State and local officials in Tennessee, accustomed to seeing a growing automotive presence in central and southeastern portions of the state, have been preparing the Memphis Regional Supersite for such a project for years.

“There’s been quite a bit of money invested,” said Mark Herbison, president and CEO of HTL Advantage, an economic development organization that represents Haywood, Tipton and Lauderdale counties in west Tennessee.

“We relocated the state highway and four-laned it. We built a new interchange at the interstate. We have built one of three million-gallon water towers that’s going to be located on the site,” he said. A new sewer system is being installed, and work recently was completed on an on-site emergency management station that will be staffed by paramedics and firefighters.

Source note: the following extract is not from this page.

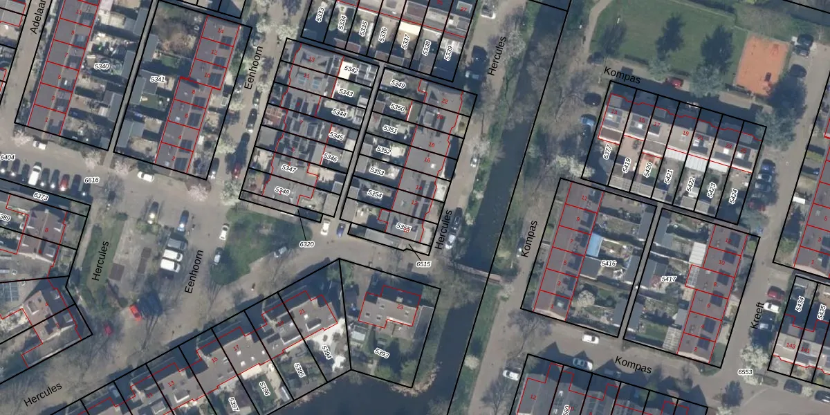 Gebruik de zoekbalk of klik op een perceel voor informatie over de adressen binnen dit perceel.

Blue Oval City will be built on what’s known as the Memphis Regional Supersite, located about 50 miles northeast of Memphis and 40 miles southwest of Jackson, Tenn. The site is located in Haywood County, which is unincorporated save for two towns: Stanton and Brownsville, the county seat.

The county has a population of just over 17,000 people, according to the U.S. Census Bureau. But it borders Tennessee’s most-populous county, Shelby, home to Memphis and nearly 1 million residents.

Watch Ford's official Blue Oval City announcement above live from Tennessee Sept. 28 at 11 a.m. EDT.

Local economic development and government officials tout the Supersite’s size — they believe it’s one of the largest industrial sites in the country — and its location, just off Interstate 40 and close to a freight railroad. They also tout the infrastructure that’s been put into place to support development there, including electricity supplied by the Tennessee Valley Authority utility company, and its proximity to the urban workforces of Memphis and Jackson.

HTL Advantage recently commissioned a labor analysis from the same company that studied the labor market ahead of Toyota Motor Corp.’s decision in the 2000s to locate a plant near Tupelo, Miss., which is less than a two-hour drive from Haywood County. The study, Herbison said, found that within a 45-minute drive of the site, there are about 1 million people, some 200,000 of whom have automotive manufacturing skills and another 200,0000 with skills needed to work in battery manufacturing.

“You’ll have people that will live all over the region coming to work at the site,” he said. “We’ve got a large, abundant urban workforce.”

The workforce has been bolstered, too, he said, by Tennessee’s investments in vocational training and a free community college program. Still, the campus would be the region’s first vehicle assembly plant operation, he said, though west Tennessee is home to some automotive suppliers and other large manufacturers.